We were delighted to see the sun shining as we gathered outside the Biltmore Hotel eager to board our two motor coaches on Friday morning. The day out was billed as the ‘Village Mothers Guild and Church Lads Brigade Outing to Newport, Rhode Island’. Although this might have been taken as the cue for some bad behaviour I am pleased to report that no passing cyclists were troubled with flying tomatoes and no top hats were dislodged from Earls all day.

The drive south from Providence took us through some lovely scenes of trees coloured for the fall (or autumn in the olde money, but when in Rome etc). We drove over long elegant bridges to the island and picked up local guides who talked us through a leisurely potter about in the coaches. There was a photo stop at breezy Brenton Point where we gulped in some fresh sea air and I took time out to fall into a muddy puddle.


After an early career as a centre for shipbuilding and trade Newport became the nation’s social capital. During the ‘gilded age’ of the later part of the 1800s, society families commissioned the construction of massive summer ‘cottages’ and ambitious hostesses competed keenly for the most prestigious guests during the season of July, August and the first two weeks of September. This continued until the time of the great depression.


The pretty town of Newport is today the yachting capital of the USA. We had some time there for lunch and shopping before visiting two of the grand houses. At Beechwood, actors set up an amusing scenario treating us as if we were a group of ‘the 400’ (rich and influential types in the 1920s) who had been invited to a charity ball. We were herded through the rooms while receiving snippets of information about our hostess Mrs Astor, given advice about how to behave at the party, sung to in the ballroom and entertained most delightfully by these clever people who stayed in character to respond to questions and comments.

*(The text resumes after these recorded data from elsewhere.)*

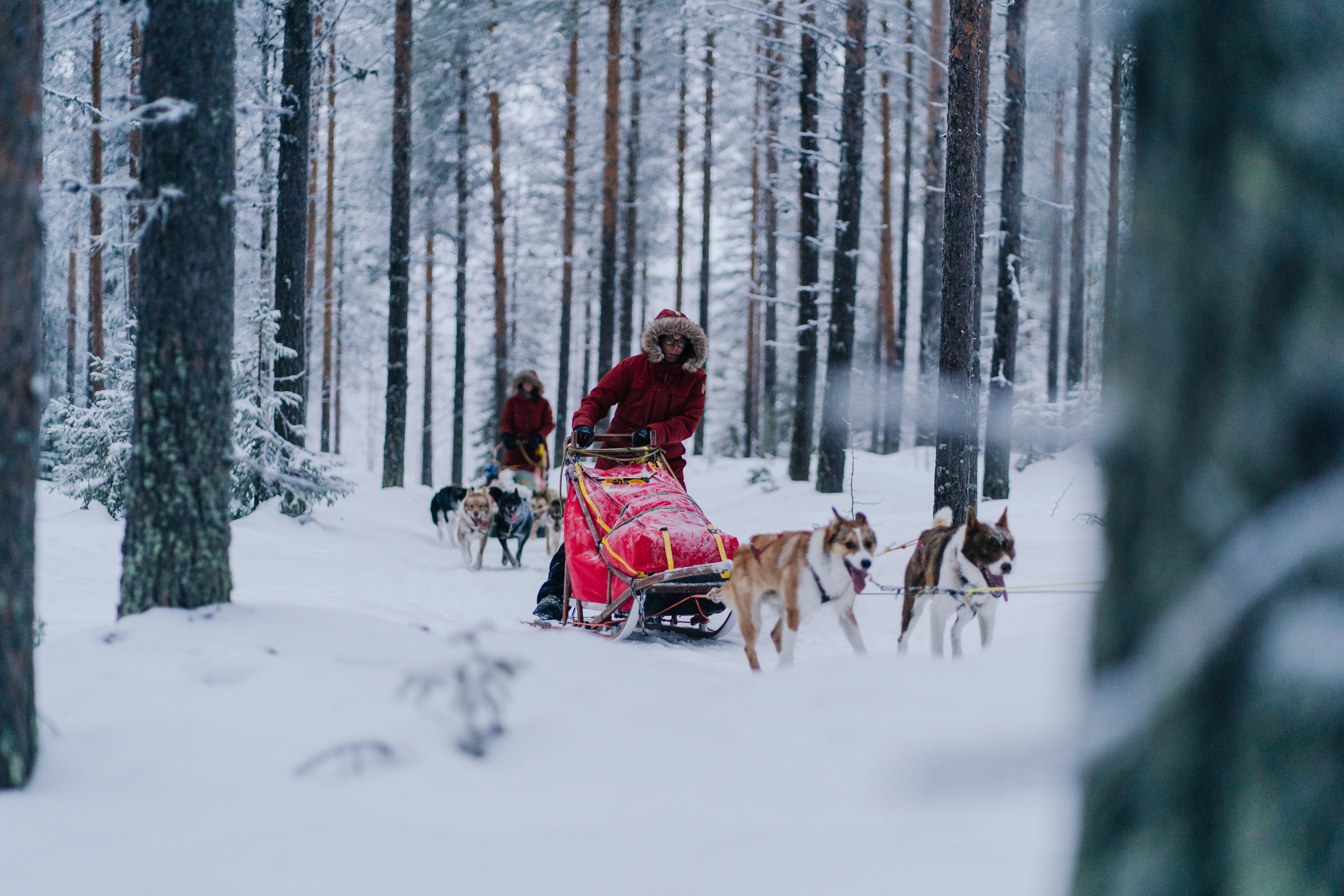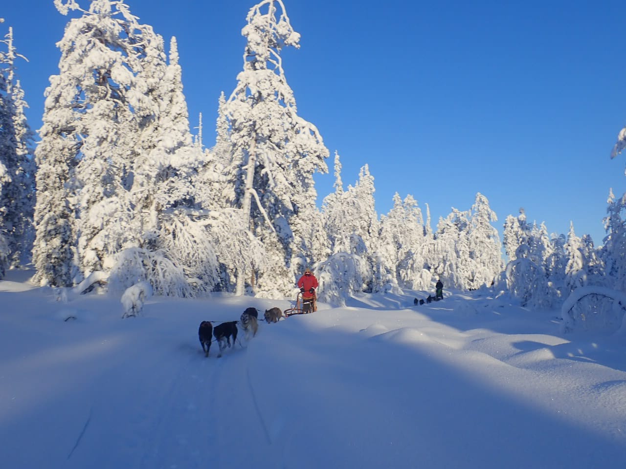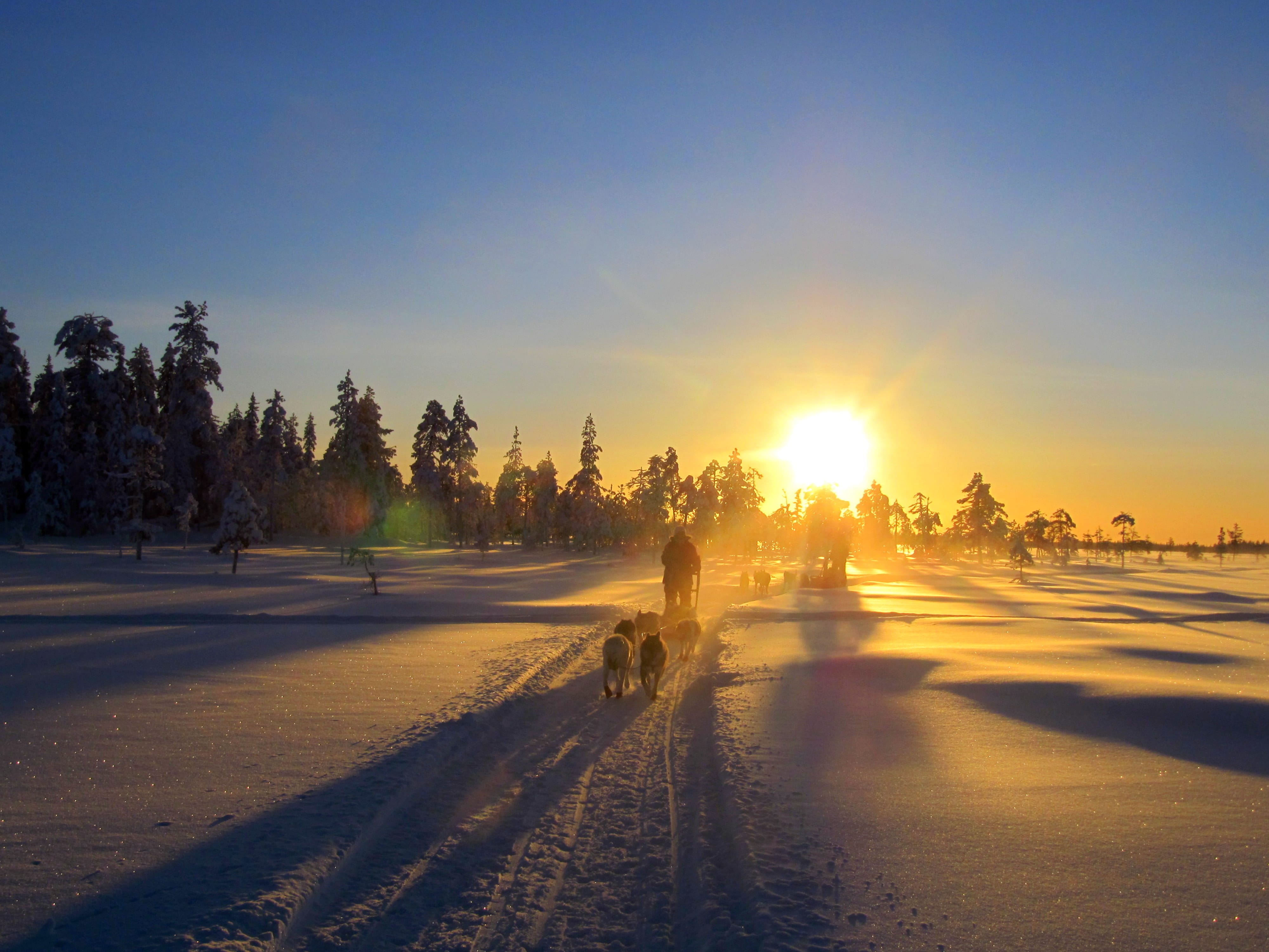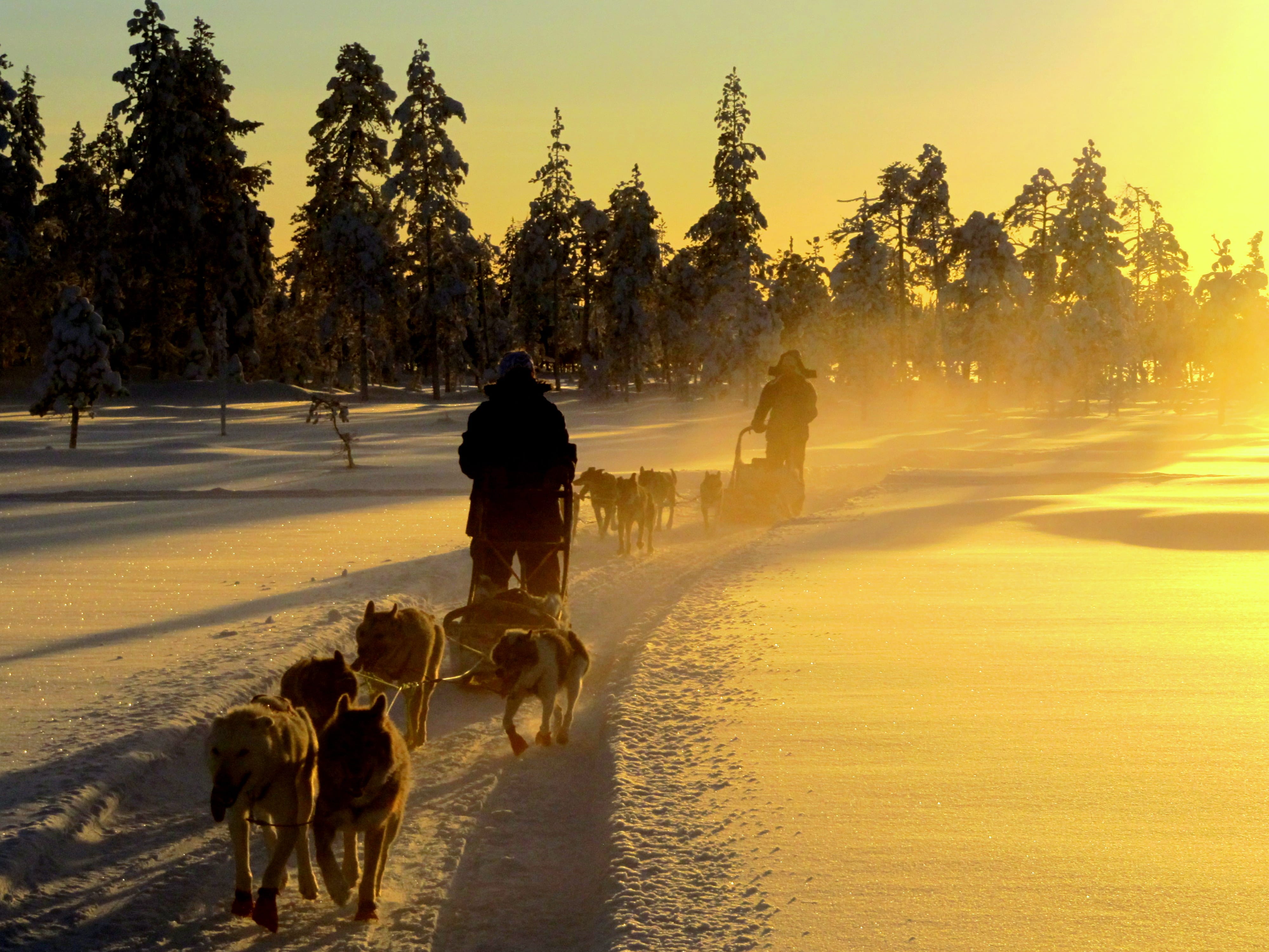 Husky Ranch Lapland is a small, family-owned husky farm specialized in unique, longer husky adventures for small groups of adults. After arrival at Husky Ranch Lapland, you will be greeted by your guide and the other owner of the ranch, Juho. First, you will get quality thermal clothing including parka jacket, pants, boots and mittens. After driving instructions you are ready to meet your personal team of well-trained Alaskan huskies! The trail heads first south of the Kurtakko village through the snowy forests and then you take a peek at Europe's biggest wetland Teuravuoma.
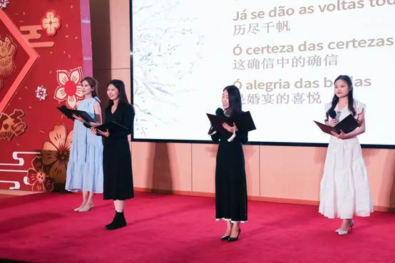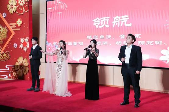 晚会上13个精彩节目轮番上演,各单位教职工以歌声、舞蹈、朗诵等多种形式,为教职工们献上一场视听盛宴,大家欢聚一堂,共同庆祝新年到来,展望美好未来。
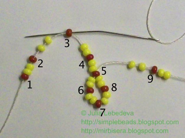 Далее набираем на иглу 2 жёлтые, 1 коричневую и ещё 2 жёлтые бисеринки. Коричневую бисеринку снова мысленно нумеруем, продолжая последовательность - это будет коричневая бисеринка номер 9.
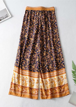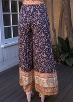 Boho Palazzo Pants in navy blue floral pattern, bow on the waist
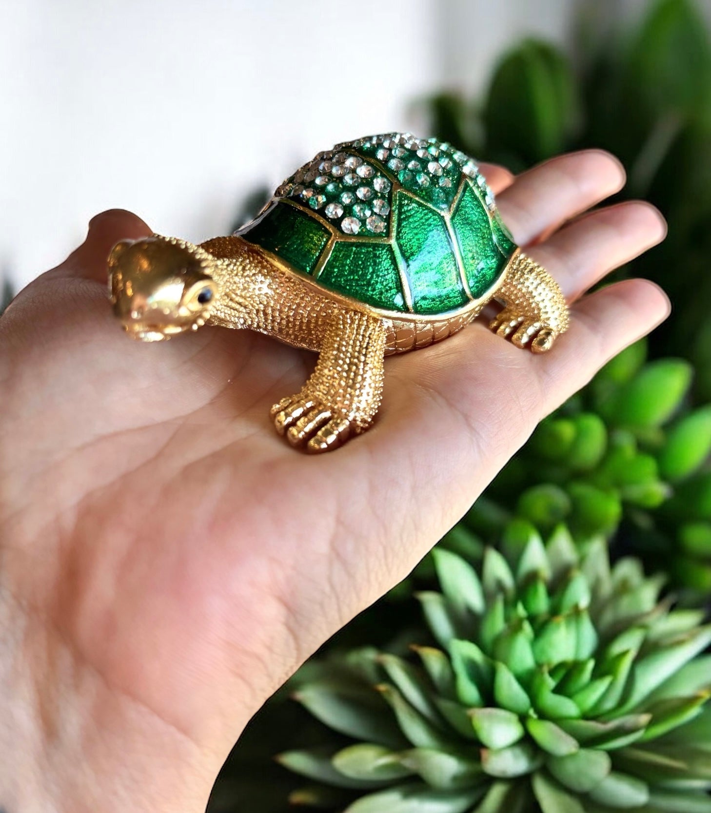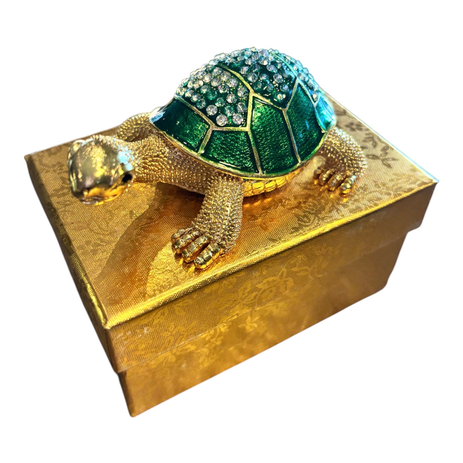 This jeweled enameled tortoise trinket box is not only a stylish addition to your home but also makes a thoughtful and unique gift for any tortoise lover. Its sturdy construction ensures durability, so you can enjoy this charming keepsake for years to come.
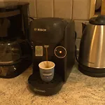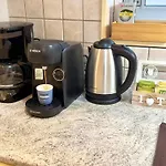 Meals can be prepared in an equipped kitchenette complete with a kettle and a dishwasher.
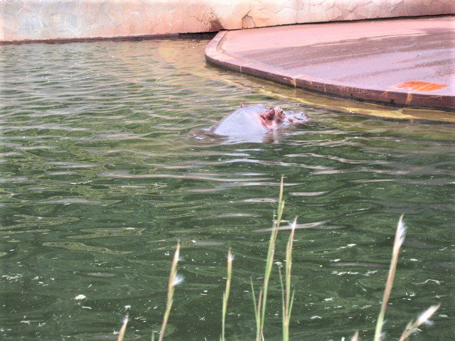 最初はカバに出会えました!ぴょこっと顔を出し「いた!大きい顔!」と大喜び。
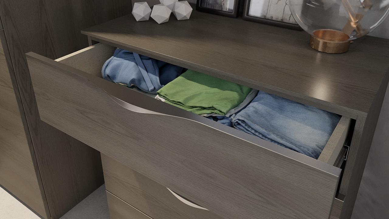 Серия «Либерти», представленная брендом ТриЯ – это эффектная современная мебель, изготовленная на высокотехнологичном оборудовании. Гарнитур для спальни Либерти ГН-297.002 является ярким представителем этой коллекции. Этот гарнитур состоит из следующих компонентов: комод - 801х445х876 мм, кровать - 2154х1674х1020 мм, шкаф платяной - 900х600х2188 мм, 2 тумбочки - 451х445х507 мм, 2 шкафа для белья - 451х600х2188 мм. Выигрышный дизайн подчеркивается изысканностью оттенка фасада (зеркальный, серый, хадсон), сделанного из простого в эксплуатации и практичного материала (зеркало, ЛДСП Е1, ЛКП, МДФ), а зеркальный, матовый корпус, выполненный из ЛДСП Е1, завершает образ. Приятных покупок!
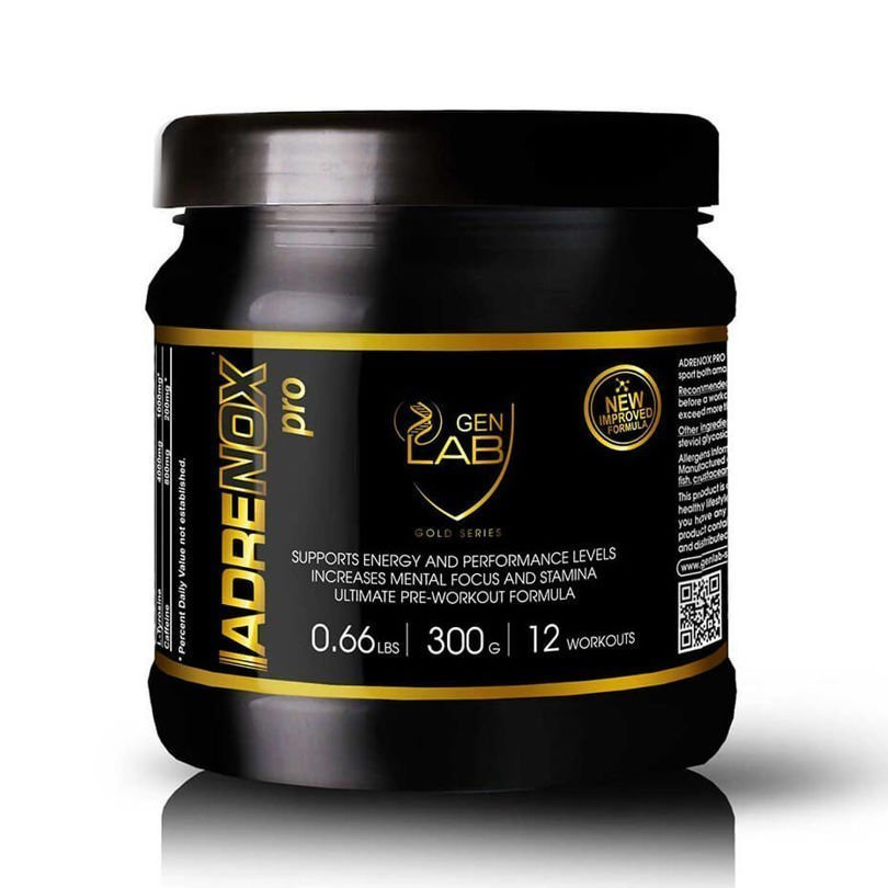 GenLab ADRENOX PRO został wzbogacony o AAKG, jabłczan cytruliny, beta alaninę oraz chlorowodorek argininy, które zwiększają produkcję tlenku azotu w organizmie, przyczyniając się do poprawy wydolności, a także poprawy ukrwienia mięśni (tzw. pompy mięśniowej). Zawarta w składzie karnityna, tauryna. tyrozyna i kofeina działają pobudzająco, wspomagają redukcję tkanki tłuszczowej oraz przyśpieszają metabolizm.

There was a touch of sadness in that the original owner of Beechwood, John Jacob Astor I, had gone down with the Titanic. In the kitchen ‘Alice’ prattled amiably about this and that including the zinc tables which keep ice cool and which were popular for ‘gentlemen to rest their heads on in the morning‘ (useful tip for when you design your next kitchen).


Before returning to Providence we visited the biggest and best of the summer cottages. The Breakers was built by Cornelius Vanderbilt II. It has 70 rooms and looks like an Italian palazzo. Inside there is Italian marble, gold leaf, painted ceilings, sweeping staircases, stained glass by La Thage, ornate furnishings and drapery, Cippolino marble mosaics and Baccarat crystal chandeliers. We stared about us open-mouthed with wonder and there were gasps of delight when we walked out to a huge and beautiful loggia on the upper floor with a panoramic sea view.


I was uncomfortable to discover that the mud which I had got onto my trousers and shoes earlier in the day had dried and was starting to drop off. Something told me that Mrs Vanderbilt would not have approved. Ah well it was nice to dream that we were part of the elegant set for a day!